Что спрашивать в книжных

Компендиум обращения с мертвыми, сборник эссе Эдуарду Вивейруша де Кастру, монография о поэте Леониде Аронзоне и другие новинки: у редакторов «Горького» заведен обряд рассказывать по пятницам о самых интересных книгах уходящей недели, а обряды надо соблюдать.

Все мы начиная с 24 февраля 2022 года оказались перед лицом наступающего варварства, насилия и лжи. В этой ситуации чрезвычайно важно сохранить хотя бы остатки культуры и поддержать ценности гуманизма — в том числе ради будущего России. Поэтому редакция «Горького» продолжит говорить о книгах, напоминая нашим читателям, что в мире остается место мысли и вымыслу.

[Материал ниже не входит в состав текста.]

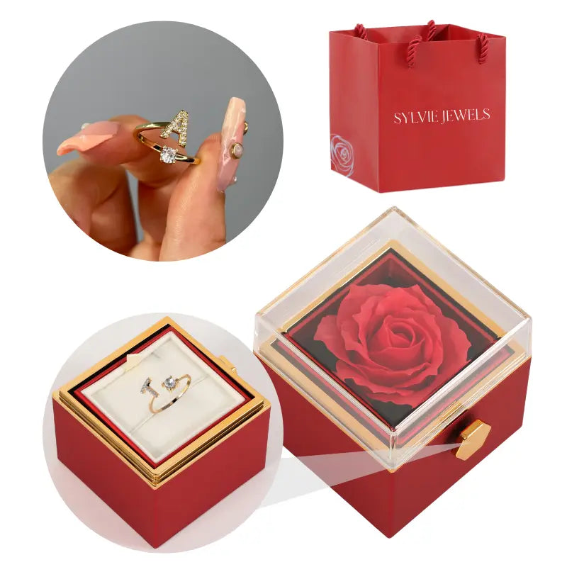 Coffret Bague Personnalisé Initiale avec Rose Éternelle

Владимир Петрухин. Погребальные обряды и культ предков. От завета Одина и некромантии до упырей и похорон Ярилы. М.: МИФ, 2025. Содержание

Еще в доисторические времена наши самые далекие предки задумались о важнейшем вопросе: как распорядиться покойником, чтобы он не только не приходил по ночам издеваться над живыми, но и, быть может, принес им какую-то пользу? Из тщательных коллективных раздумий над этой проблемой родились первые погребальные обряды, которые знали и тщеславные кроманьонцы, и спесивые неандертальцы — никого владычица смерть не оставляла равнодушным.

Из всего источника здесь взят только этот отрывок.